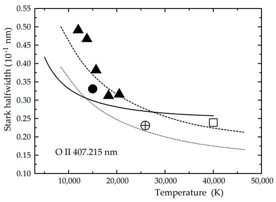 Experimental and theoretical Stark halfwidth dependence on temperature for the O II 407.215 nm spectral line for the electron density of 1023 m−3. The presented data are: ⊕ [], ⬜ [], ▲ [], ⬤ [],
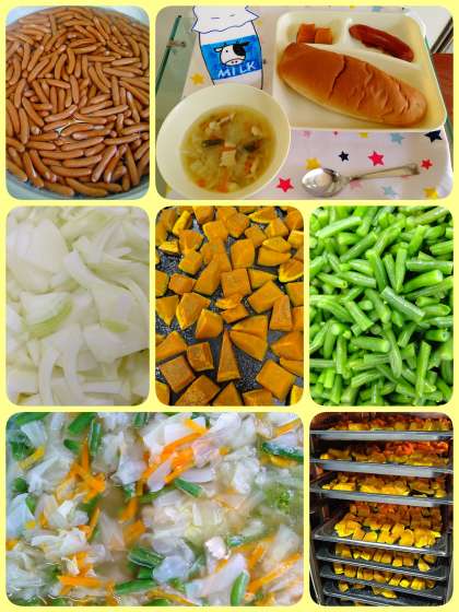 『ウインナーのケチャップソース』は、ゆでたウインナーに、ケチャップ、トンカツソース、ウスターソースを合わせでん粉でとろみをつけたソースをかけています。児童に人気の献立です。『スープ』は、鶏肉を主材に、キャベツ、玉ねぎ、にんじん、青みにさんど豆を使用しています。『焼きかぼちゃ』は、旬の生のかぼちゃに塩で下味をつけ、蒸し焼きにしています。甘みがあって美味しかったです。
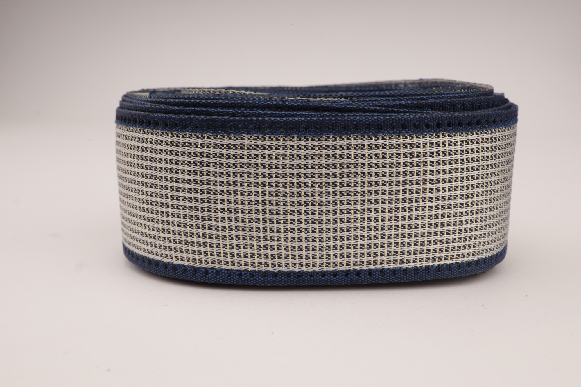 Купить декоративную ленту цвета джинс с белой нитью и люрексом золото по оптовой цене  и сервисом высочайшего уровня всегда можно в магазине lentoff.ru.

### Problem details
What you give back must match the material above exactly, minus its pictures.

### Expected output
 Experimental and theoretical Stark halfwidth dependence on temperature for the O II 407.215 nm spectral line for the electron density of 1023 m−3. The presented data are: ⊕ [], ⬜ [], ▲ [], ⬤ [],
 『ウインナーのケチャップソース』は、ゆでたウインナーに、ケチャップ、トンカツソース、ウスターソースを合わせでん粉でとろみをつけたソースをかけています。児童に人気の献立です。『スープ』は、鶏肉を主材に、キャベツ、玉ねぎ、にんじん、青みにさんど豆を使用しています。『焼きかぼちゃ』は、旬の生のかぼちゃに塩で下味をつけ、蒸し焼きにしています。甘みがあって美味しかったです。
 Купить декоративную ленту цвета джинс с белой нитью и люрексом золото по оптовой цене  и сервисом высочайшего уровня всегда можно в магазине lentoff.ru.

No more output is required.